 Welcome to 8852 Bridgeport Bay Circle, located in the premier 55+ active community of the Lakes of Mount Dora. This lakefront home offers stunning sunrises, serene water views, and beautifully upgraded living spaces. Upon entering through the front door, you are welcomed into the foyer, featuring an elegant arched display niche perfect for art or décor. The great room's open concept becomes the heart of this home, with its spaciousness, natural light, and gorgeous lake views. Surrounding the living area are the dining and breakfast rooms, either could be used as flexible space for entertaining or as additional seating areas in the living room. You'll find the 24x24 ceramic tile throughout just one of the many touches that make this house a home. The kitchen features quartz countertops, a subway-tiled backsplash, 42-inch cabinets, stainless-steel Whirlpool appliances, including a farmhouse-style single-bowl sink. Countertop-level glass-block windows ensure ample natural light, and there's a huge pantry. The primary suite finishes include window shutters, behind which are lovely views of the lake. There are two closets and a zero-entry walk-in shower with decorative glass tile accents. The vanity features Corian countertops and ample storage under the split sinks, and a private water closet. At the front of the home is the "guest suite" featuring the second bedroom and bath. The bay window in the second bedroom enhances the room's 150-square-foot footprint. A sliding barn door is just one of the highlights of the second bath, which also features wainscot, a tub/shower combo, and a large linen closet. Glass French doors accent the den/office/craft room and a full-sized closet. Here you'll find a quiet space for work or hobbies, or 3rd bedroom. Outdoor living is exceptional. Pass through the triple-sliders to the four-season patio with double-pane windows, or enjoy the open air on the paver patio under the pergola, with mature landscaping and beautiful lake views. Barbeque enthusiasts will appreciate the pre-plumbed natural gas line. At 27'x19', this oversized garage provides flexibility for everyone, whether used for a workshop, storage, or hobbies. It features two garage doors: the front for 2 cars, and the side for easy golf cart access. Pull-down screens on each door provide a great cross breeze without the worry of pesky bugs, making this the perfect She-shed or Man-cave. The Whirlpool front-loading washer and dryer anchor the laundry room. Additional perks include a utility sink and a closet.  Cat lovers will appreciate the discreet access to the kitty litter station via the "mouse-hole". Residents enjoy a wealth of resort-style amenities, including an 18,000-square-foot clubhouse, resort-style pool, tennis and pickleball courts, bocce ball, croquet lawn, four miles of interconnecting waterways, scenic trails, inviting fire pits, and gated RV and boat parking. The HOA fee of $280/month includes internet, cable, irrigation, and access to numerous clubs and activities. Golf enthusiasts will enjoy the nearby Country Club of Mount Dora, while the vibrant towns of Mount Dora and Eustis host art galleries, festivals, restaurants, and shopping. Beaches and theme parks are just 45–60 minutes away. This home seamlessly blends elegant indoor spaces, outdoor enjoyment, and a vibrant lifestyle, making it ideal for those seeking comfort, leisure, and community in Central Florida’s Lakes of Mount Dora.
______________________________
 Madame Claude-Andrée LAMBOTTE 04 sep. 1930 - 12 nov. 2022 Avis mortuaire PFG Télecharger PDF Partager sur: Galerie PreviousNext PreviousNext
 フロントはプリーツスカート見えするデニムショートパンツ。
______________________________
*DESCRIPTION OF THE TASK*:
Transcribe the lines above between the line holding "Madame Claude-Andrée LAMBOTTE" and the line holding "フロントはプリーツスカート見えするデニムショートパンツ。", inclusive, exactly as they stand and with nothing added.

*RESPONSE BOX*:
 Madame Claude-Andrée LAMBOTTE 04 sep. 1930 - 12 nov. 2022 Avis mortuaire PFG Télecharger PDF Partager sur: Galerie PreviousNext PreviousNext
 フロントはプリーツスカート見えするデニムショートパンツ。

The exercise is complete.